According to Wiktionary, "Generally used past nursery school and primary school teachers to children, sometimes followed by 'spoons in the bowl' to hateful 'hands in your lap', strengthening analogy with a bowl of applesauce; alternatively, 'spoons in your bowl' or 'spoons in your lap'."
It's my impression that information technology's also said for the sound of it (sometimes in a sing-song voice) and that people don't think near the pc aspect of information technology so much whatever more than. It'southward merely the expression that teachers use at present.
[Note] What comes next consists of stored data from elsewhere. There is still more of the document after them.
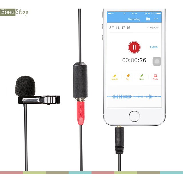keyword: micro gài áo, micro lavalier, micro cho smartphone, micro cho điện thoại, micro saramonic, saramonic sr-lmx1+.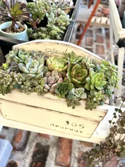 セダムもモリモリに 木箱プランターの寄せ植え💕周りのセダムもモリモリになって良い感じ🥰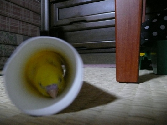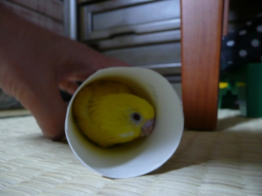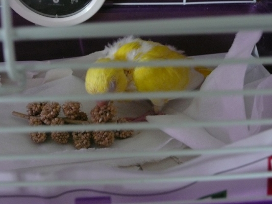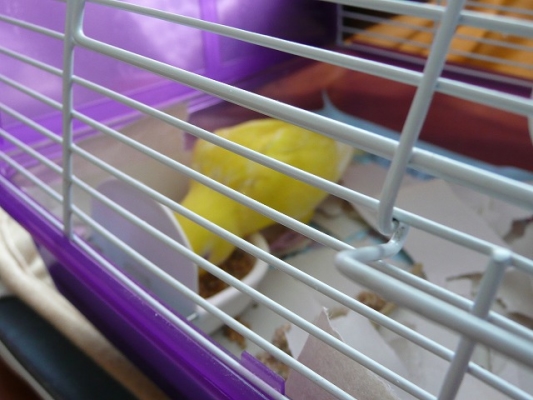 ピーピー泣いていましたがゲージに戻すと小鳥のエサを食べてましたww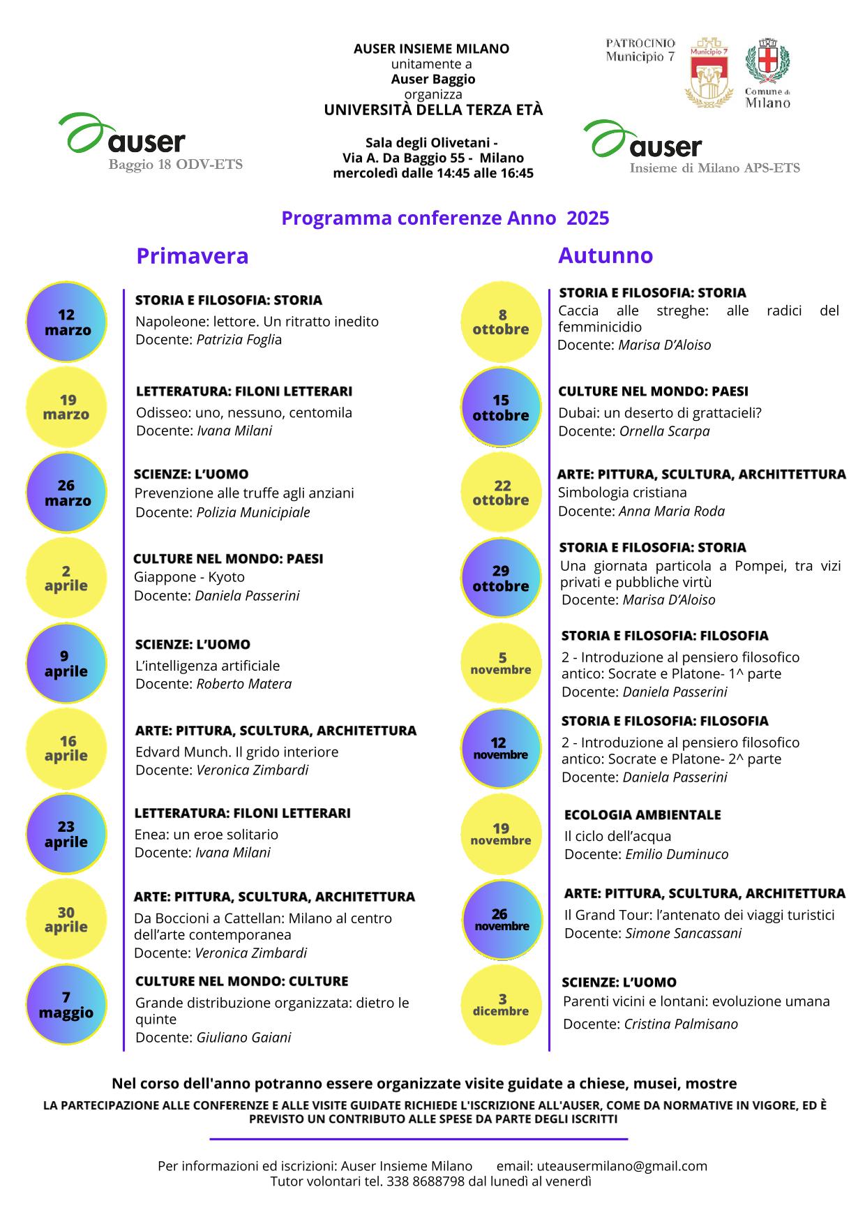 Per informazioni ed iscrizioni: Auser Insieme Milano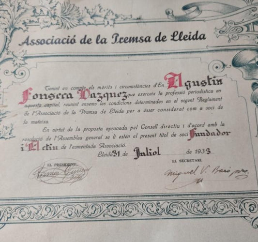 Diploma from the Lérida press association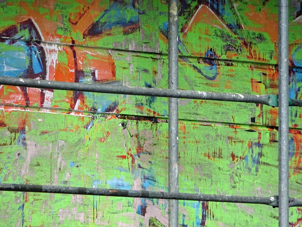 Mir ist zwar bekannt, dass Flächen, die neu bemalt werden, vorher auch mal mit einer Farbe übermalt werden, bevor es an das eigentliche Werk geht, aber dass, wie es jetzt aussieht, zunächst etwas entfernt wird, nicht. Ebenso ist mir allerdings nicht bekannt, ob bei Graffitientfernung irgendwie in mehreren Schritten, eine Schicht nach der anderen, gearbeitet wird und dabei auch Gerüste zum Einsatz kommen. Das Gerüst ist jedenfalls von „Gerüstbau Paul“, wie auch schon bei der Entstehung des „Großstadtdschungel“-Murals.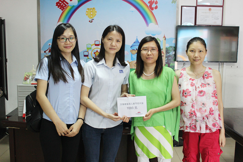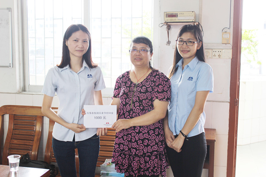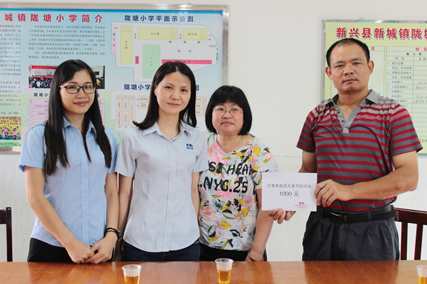 集團訊 時值六一兒童節(jié)到來之際,2016年5月27日下午,萬事泰集團工會、行政部以及企業(yè)文化部工作人員前往新興縣內(nèi)5所外來工子女就讀小學慰問,集團代表與孩子們開心的分享節(jié)日的快樂,送去慰問金,并與孩子們合影留念。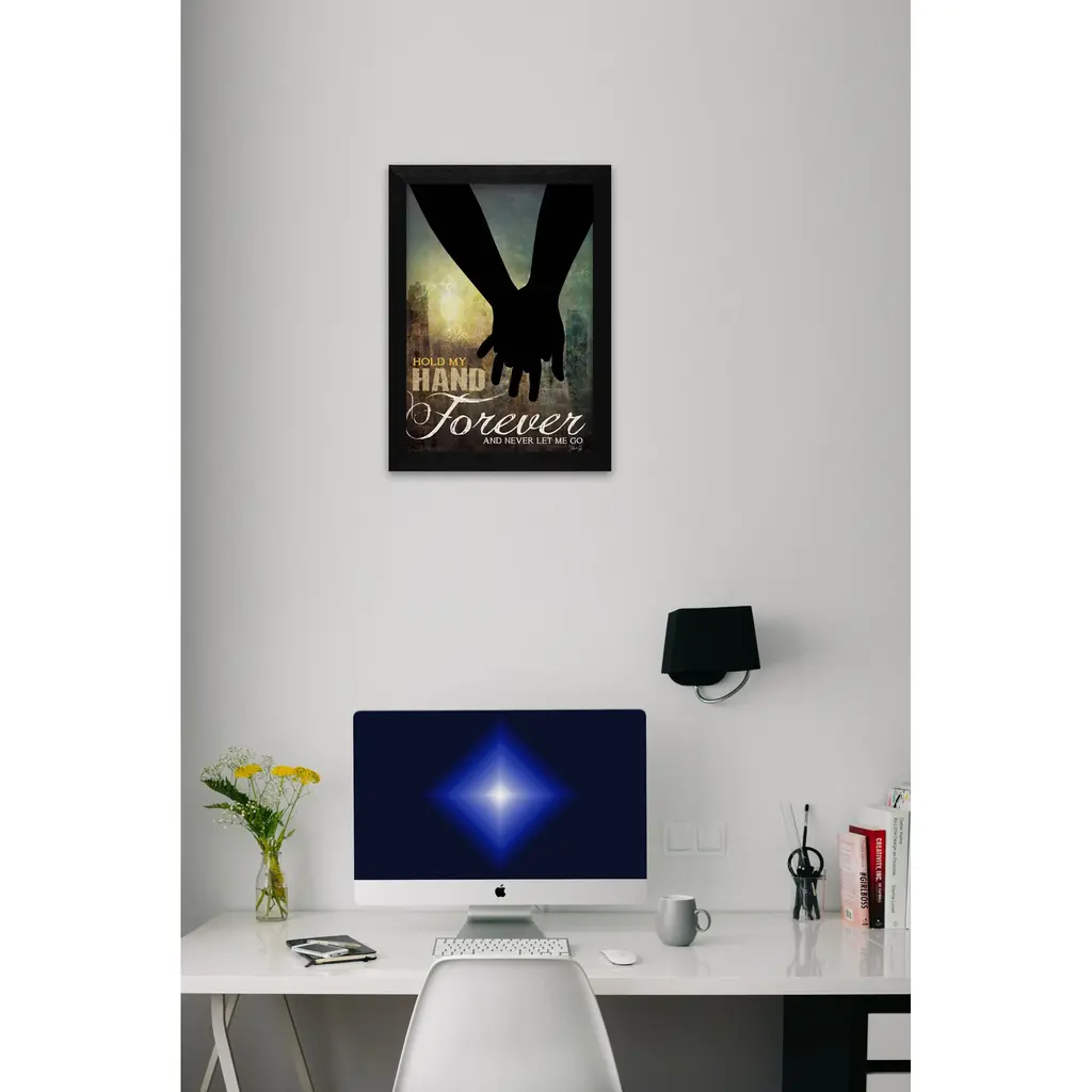 This hold my hand forever 1 black framed print living room wall art will add a beautiful decorative accent to your decor. This print is a visual artistic expression that allows you to decorate your space in style. Reproduced for you on paper, this hanging decorative accent will be a trendy and fashionable way to dress your walls. Hang on your wall to add some up to date fashion and decoration. Utilize this opportunity to create a focal point in the room with this fabulous wall decor option. 10" H x 14" W x 1" D

There are rhymes that utilise the phrase that become back a little before. 1 is called Criss Cross Absurdity and is played on the child's dorsum. It'due south like to the X Marks the Spot rhyme.
There'due south a reference to "Criss cross applesauce" in a book called "Street Games" (1976) past Alan Milberg. It says, "The final part of the ritual [to decide the rules of a game] is called 'cementing in the rules.' Once the leader specifies what should or should not be included in the game, he sings, 'Crisscross absurdity…'" Is anyone familiar with using it in this way?
Every bit an bated, there's besides a volume called "Criss-Cross. Applesauce" (1978) Tomé Do Paola. It's about reading together every bit a family.
Did anyone use the expression every bit function of any other rhymes or games?
October 7th, 2020 at seven:53 pm
We used criss cantankerous applesauce as a leap rope song (1960s-70s) only I cannot remember there residue of the lyrics.